Carmen negó con la cabeza.

-En realidad no han cometido ningún error- dijo-. Si acaso, lo cometió Losantos por

hacerse o dejarse matar. Sobre el culpable no tenemos ni una pista y sobre la trama urbanística

no podemos hacer nada…

Ahora quien movió la cabeza negativamente fue Salvador. Iba a decir algo, pero el

camarero se acercó a servir el café y calló. Volcó el azúcar en la taza y removió lentamente.

Luego dejó la cucharilla sobre el plato, dio el primer sorbo y dijo:

-Está caliente. Siéntate a mi lado que esto puede ser divertido.

Se agachó, tomó el maletín que había llevado con él y lo depositó sobre la mesa. Dio

nuevo sorbo al café y extrajo un ordenador portátil del maletín.

-¿Te acuerdas del disco que nos dio ayer el Cabezapera? Seguro que tiene fotos muy

interesantes.

Estaban sentados frente a frente. Carmen se levantó rápidamente y se sentó a su lado.

Lo que vieron en el ordenador no era lo más escandaloso del mundo, pero alcanzaba el nivel

suficiente como para que la ciudad no nombrara nunca al senador Zurcidó hijo predilecto.

Anselmo Alija no se había quedado corto con la cámara. Eran unas cincuenta fotos, alguna de

ellas de muy mala calidad, en las que se veía al senador y a Losantos con un par de individuos

a quienes no conocían y un montón de mujeres. Entre todas las fotos no había lencería

suficiente para vestir tres maniquís.

-¿Ves?- dijo Salvador después de haber visto un montón de fotografías-, esto es

deporte y no lo del fútbol.

-Cierra eso- respondió Carmen muy seria-. Ya hemos visto bastante.

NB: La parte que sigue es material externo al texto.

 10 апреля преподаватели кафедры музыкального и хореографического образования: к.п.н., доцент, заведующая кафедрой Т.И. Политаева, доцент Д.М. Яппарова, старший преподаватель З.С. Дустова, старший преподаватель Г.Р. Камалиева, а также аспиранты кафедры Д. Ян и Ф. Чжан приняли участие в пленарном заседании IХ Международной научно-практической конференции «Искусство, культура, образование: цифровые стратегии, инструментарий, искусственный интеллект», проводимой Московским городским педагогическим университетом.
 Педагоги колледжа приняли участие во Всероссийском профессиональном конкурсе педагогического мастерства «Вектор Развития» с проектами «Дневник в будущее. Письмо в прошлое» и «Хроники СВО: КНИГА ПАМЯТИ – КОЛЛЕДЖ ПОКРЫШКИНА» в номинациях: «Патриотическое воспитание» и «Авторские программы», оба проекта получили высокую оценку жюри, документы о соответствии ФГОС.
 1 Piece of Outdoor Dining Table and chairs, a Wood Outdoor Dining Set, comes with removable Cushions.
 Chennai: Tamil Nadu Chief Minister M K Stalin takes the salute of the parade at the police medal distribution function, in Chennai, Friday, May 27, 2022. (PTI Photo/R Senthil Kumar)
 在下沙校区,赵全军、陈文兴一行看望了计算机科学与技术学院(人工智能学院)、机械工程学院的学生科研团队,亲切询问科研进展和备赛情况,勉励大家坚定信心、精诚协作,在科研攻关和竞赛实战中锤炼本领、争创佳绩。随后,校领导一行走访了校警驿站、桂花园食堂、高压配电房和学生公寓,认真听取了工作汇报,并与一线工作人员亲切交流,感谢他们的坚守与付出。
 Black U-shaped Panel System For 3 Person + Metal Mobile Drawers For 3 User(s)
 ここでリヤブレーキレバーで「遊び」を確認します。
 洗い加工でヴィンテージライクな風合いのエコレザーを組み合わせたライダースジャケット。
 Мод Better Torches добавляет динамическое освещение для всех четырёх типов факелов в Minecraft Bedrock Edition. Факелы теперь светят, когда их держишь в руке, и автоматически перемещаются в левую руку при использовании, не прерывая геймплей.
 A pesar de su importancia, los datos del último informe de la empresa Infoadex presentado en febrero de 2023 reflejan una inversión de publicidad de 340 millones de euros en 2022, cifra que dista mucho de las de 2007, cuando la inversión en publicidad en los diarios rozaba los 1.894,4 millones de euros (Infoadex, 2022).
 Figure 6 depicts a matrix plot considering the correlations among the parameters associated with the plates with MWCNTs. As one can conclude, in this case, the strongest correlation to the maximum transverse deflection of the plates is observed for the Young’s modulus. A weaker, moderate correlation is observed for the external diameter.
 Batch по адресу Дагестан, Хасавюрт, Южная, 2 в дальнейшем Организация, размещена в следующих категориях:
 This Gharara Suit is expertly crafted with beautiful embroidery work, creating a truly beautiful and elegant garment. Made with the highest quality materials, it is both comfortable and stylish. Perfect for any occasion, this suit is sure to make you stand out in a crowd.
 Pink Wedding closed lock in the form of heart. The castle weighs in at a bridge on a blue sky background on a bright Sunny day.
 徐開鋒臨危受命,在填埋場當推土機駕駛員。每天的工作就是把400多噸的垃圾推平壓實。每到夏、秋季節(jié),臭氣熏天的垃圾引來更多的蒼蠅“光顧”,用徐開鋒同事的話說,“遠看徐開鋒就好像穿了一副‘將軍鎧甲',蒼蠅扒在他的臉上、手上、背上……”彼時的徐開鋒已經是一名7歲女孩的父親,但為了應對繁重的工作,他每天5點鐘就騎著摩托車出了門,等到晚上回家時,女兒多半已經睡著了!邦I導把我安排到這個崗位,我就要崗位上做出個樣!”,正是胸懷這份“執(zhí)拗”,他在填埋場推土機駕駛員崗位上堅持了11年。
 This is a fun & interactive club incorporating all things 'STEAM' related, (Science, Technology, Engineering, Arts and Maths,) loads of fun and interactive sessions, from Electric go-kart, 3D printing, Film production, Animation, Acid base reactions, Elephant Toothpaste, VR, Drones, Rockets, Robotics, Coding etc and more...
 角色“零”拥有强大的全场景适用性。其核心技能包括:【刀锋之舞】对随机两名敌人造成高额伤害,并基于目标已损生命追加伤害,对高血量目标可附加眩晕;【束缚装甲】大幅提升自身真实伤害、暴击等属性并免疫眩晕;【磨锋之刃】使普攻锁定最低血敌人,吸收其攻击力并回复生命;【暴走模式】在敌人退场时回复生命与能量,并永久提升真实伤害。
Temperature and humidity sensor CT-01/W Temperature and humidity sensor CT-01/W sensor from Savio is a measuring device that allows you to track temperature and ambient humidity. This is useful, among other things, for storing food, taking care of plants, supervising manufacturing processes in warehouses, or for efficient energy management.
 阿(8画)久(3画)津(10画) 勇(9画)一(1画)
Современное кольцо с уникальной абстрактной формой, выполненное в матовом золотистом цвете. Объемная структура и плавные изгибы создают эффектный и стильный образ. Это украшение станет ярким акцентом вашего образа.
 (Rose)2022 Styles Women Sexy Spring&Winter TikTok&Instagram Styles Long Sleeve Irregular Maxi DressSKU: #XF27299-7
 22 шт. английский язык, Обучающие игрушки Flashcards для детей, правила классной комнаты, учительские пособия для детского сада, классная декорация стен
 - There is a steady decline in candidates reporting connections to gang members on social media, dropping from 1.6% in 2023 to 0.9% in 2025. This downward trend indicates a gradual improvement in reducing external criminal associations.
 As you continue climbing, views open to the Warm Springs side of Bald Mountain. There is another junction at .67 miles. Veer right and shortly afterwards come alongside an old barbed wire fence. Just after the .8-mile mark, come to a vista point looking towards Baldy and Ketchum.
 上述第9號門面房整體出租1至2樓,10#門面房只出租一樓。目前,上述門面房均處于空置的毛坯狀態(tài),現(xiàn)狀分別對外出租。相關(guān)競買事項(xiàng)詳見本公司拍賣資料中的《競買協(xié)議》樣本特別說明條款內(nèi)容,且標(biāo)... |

Él la miró y plegó el portátil. Notó que en su cara se reflejaba el disgusto. Luego hubo

un largo silencio que rompió ella.

-Y ahora ¿qué hacemos?

-Lo primero que tenemos que hacer es una copia y luego… bueno, luego ya veremos.

Dejaron la cafetería Nevada, compraron un CD virgen y volvieron a la cafetería a

tomar otro café y realizar la copia.

-Bueno, estamos como al principio- dijo Carmen una vez que tuvieron las dos copias

de las fotos-. Y ahora ¿qué hacemos?

Salvador calló, encendió un cigarrillo y la miró con gesto pensativo.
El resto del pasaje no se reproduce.